- **PROBLEM**: The answer must consist solely of the lines from the one containing "মঙ্গলবার তেমনি মা-বাবার" through the last line of the records, set down exactly and without any pictures.

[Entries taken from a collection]
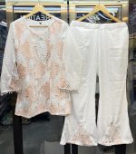 Elevate your style with this stunning cord set featuring a vibrant netted design. The kurta, designed with intricate patterns and a flattering neckline adorned with delicate buttons, is paired with wide-leg trousers that offer both comfort and elegance.
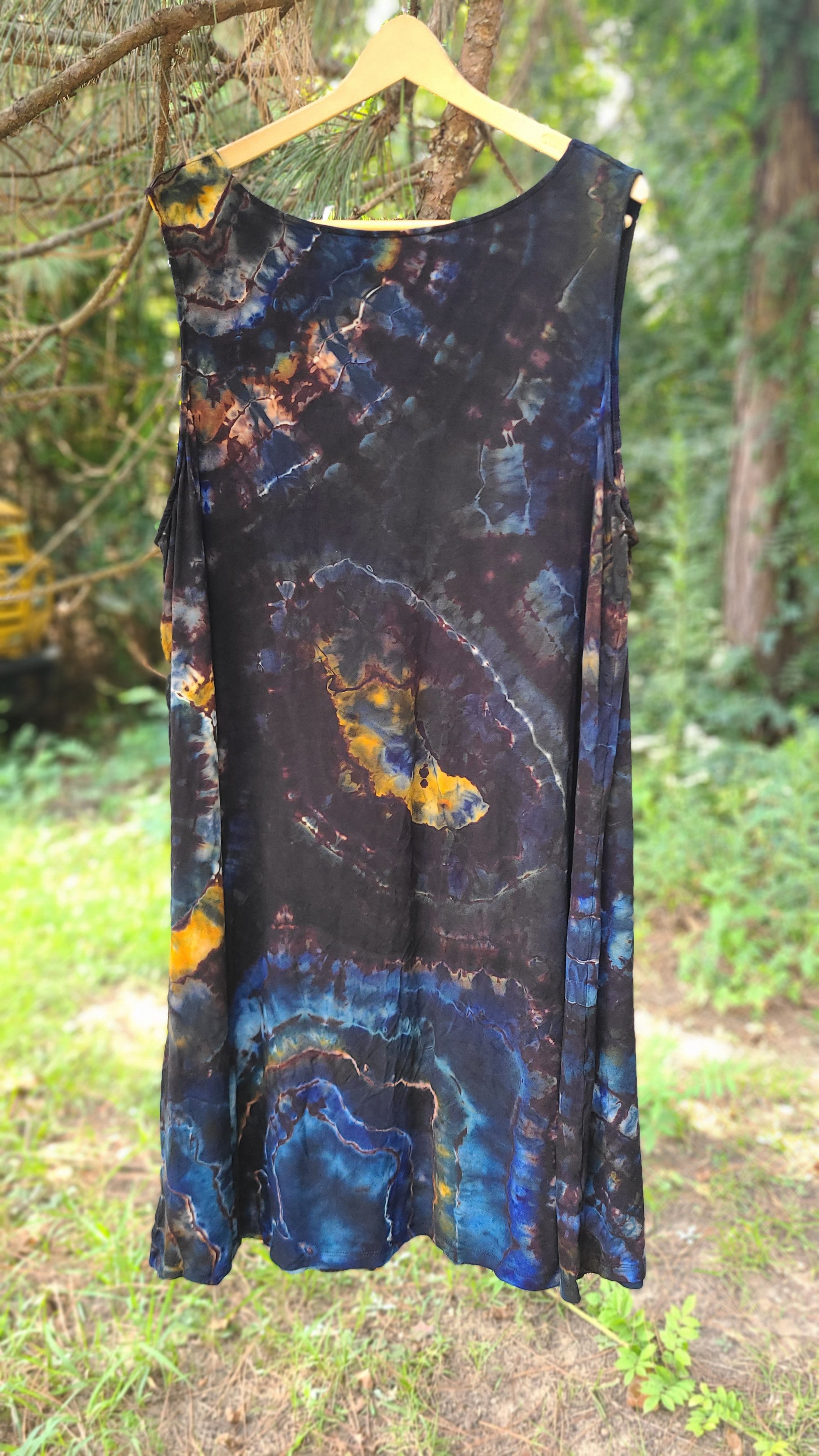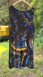 Mysterious and magnetic, Arcane channels the energy of a hidden cosmos. With its inky base cloaked in moody swirls of indigo, golden ember, and spectral violet, this dress feels like a portal—part stormy night sky, part ancient alchemy.
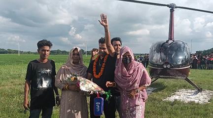 মঙ্গলবার তেমনি মা-বাবার ইচ্ছা পূরণের জন্য হেলিকপ্টারে চড়ে নিজ গ্রামে এসেছেন জিয়াউর রহমান নামে এক কুয়েত প্রবাসী। তার বাড়ি যশোরের বাঘারপাড়া উপজেলার জহুরপুর ইউনিয়নের শলুয়া গ্রামে। তিনি ওই গ্রামের উত্তরপাড়ার নুরুল ইসলামের ছোট ছেলে।
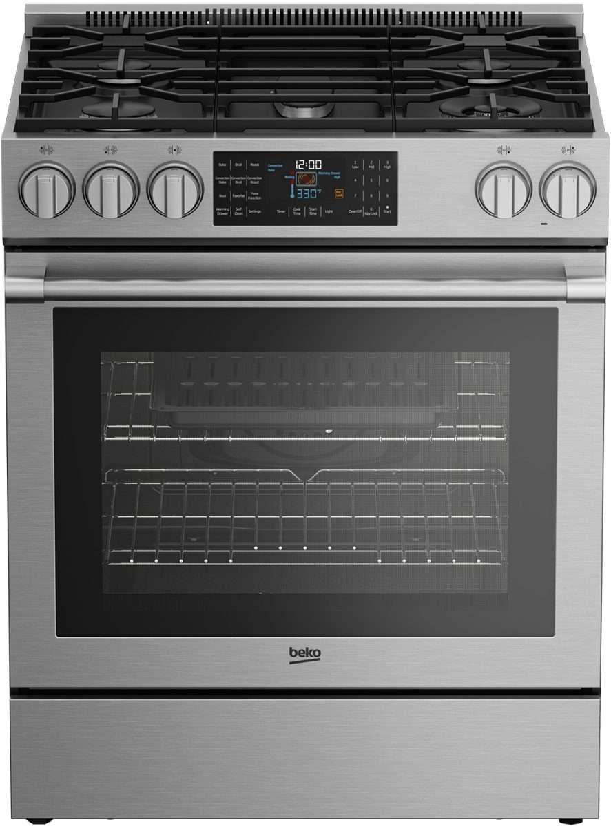 Complete your home kitchen system with the Beko 30" Stainless Steel Slide In Gas Range featuring LED display with InnovaChef Smart display, full lower extension telescopic rack, and 4 pane heat-resistant glass door cooling system.Read More
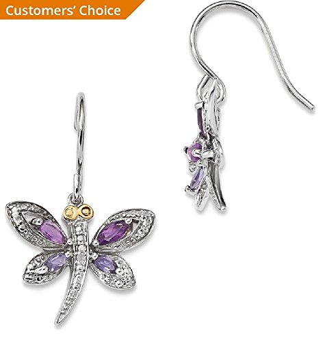 ICECARATS DESIGNER JEWELRY 925 STERLING SILVER 14K PURPLE AMETHYST BLUE IOLITE DIAMOND DRAGONFLY DROP DANGLE CHANDELIER EARRINGS
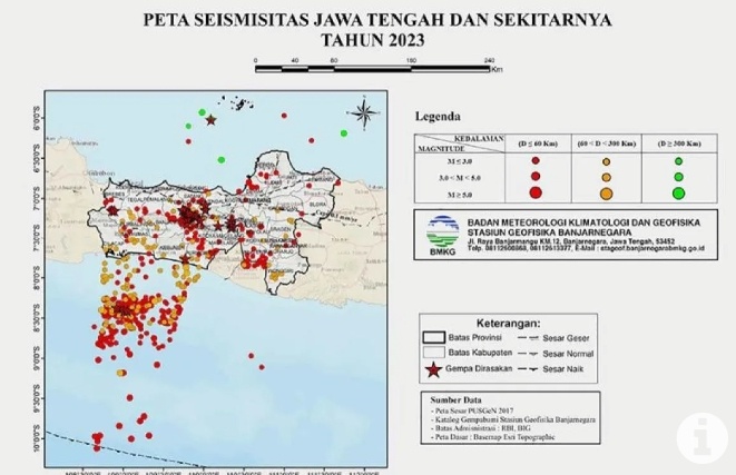 Banjarnegara – Stasiun Geofisika Badan Meteorologi Klimatologi dan Geofisika (BMKG) Banjarnegara mencatat sebanyak 601 kejadian gempa bumi di Jawa Tengah pada periode 1 Januari hingga 27 Desember 2023.
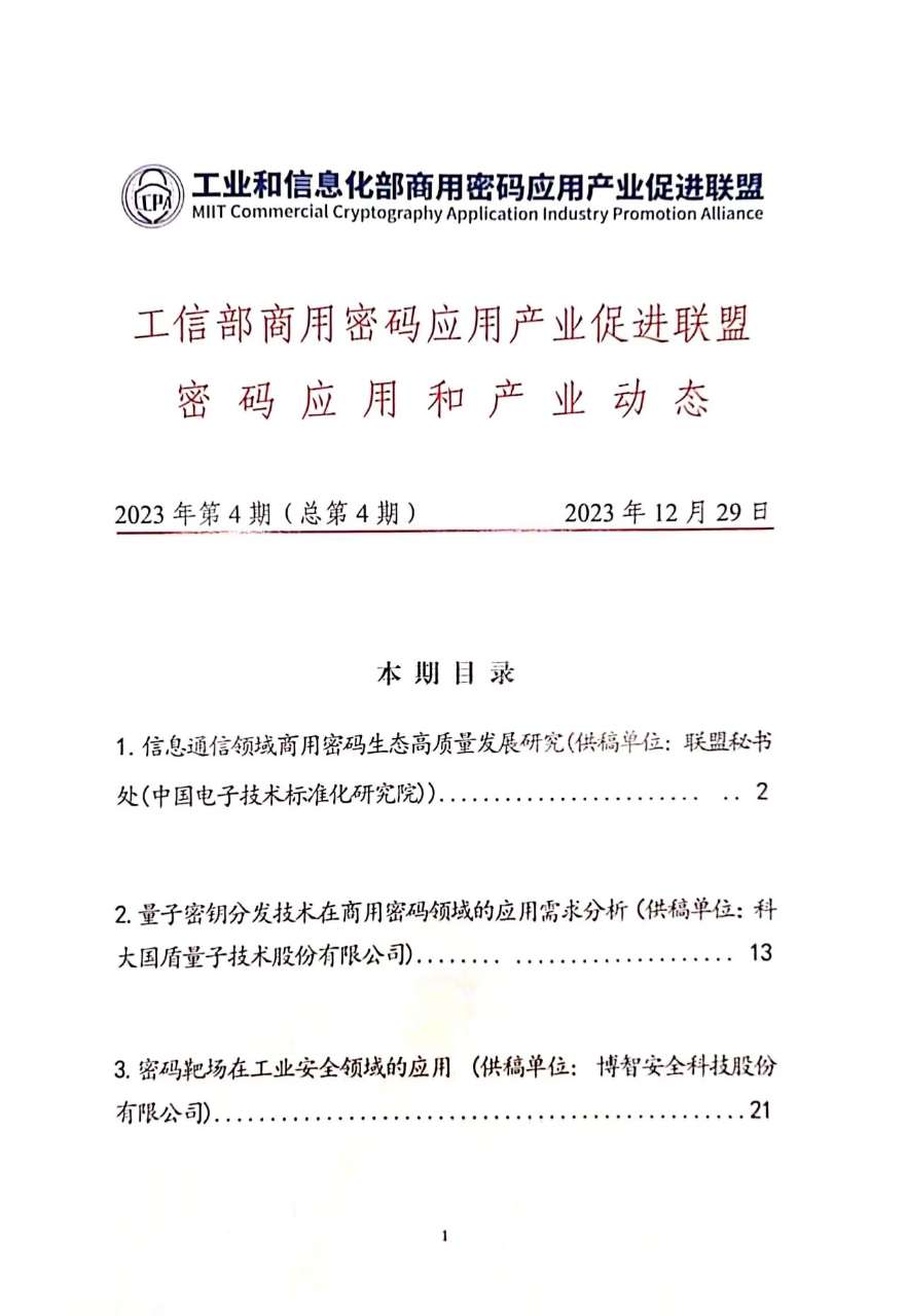 工业和信息化部商用密码应用产业促进联盟(以下简称“工信商密联盟”)编制工信领域商用密码应用和产业动态2023年第4期专报。博智安全科技股份有限公司(以下简称“博智安全”)作为网络靶场领军企业,协同参与专报编制工作,利用靶场核心技术赋能密码产业。

- **SOLUTION FOR THIS PROBLEM**:
 মঙ্গলবার তেমনি মা-বাবার ইচ্ছা পূরণের জন্য হেলিকপ্টারে চড়ে নিজ গ্রামে এসেছেন জিয়াউর রহমান নামে এক কুয়েত প্রবাসী। তার বাড়ি যশোরের বাঘারপাড়া উপজেলার জহুরপুর ইউনিয়নের শলুয়া গ্রামে। তিনি ওই গ্রামের উত্তরপাড়ার নুরুল ইসলামের ছোট ছেলে।
 Complete your home kitchen system with the Beko 30" Stainless Steel Slide In Gas Range featuring LED display with InnovaChef Smart display, full lower extension telescopic rack, and 4 pane heat-resistant glass door cooling system.Read More
 ICECARATS DESIGNER JEWELRY 925 STERLING SILVER 14K PURPLE AMETHYST BLUE IOLITE DIAMOND DRAGONFLY DROP DANGLE CHANDELIER EARRINGS
 Banjarnegara – Stasiun Geofisika Badan Meteorologi Klimatologi dan Geofisika (BMKG) Banjarnegara mencatat sebanyak 601 kejadian gempa bumi di Jawa Tengah pada periode 1 Januari hingga 27 Desember 2023.
 工业和信息化部商用密码应用产业促进联盟(以下简称“工信商密联盟”)编制工信领域商用密码应用和产业动态2023年第4期专报。博智安全科技股份有限公司(以下简称“博智安全”)作为网络靶场领军企业,协同参与专报编制工作,利用靶场核心技术赋能密码产业。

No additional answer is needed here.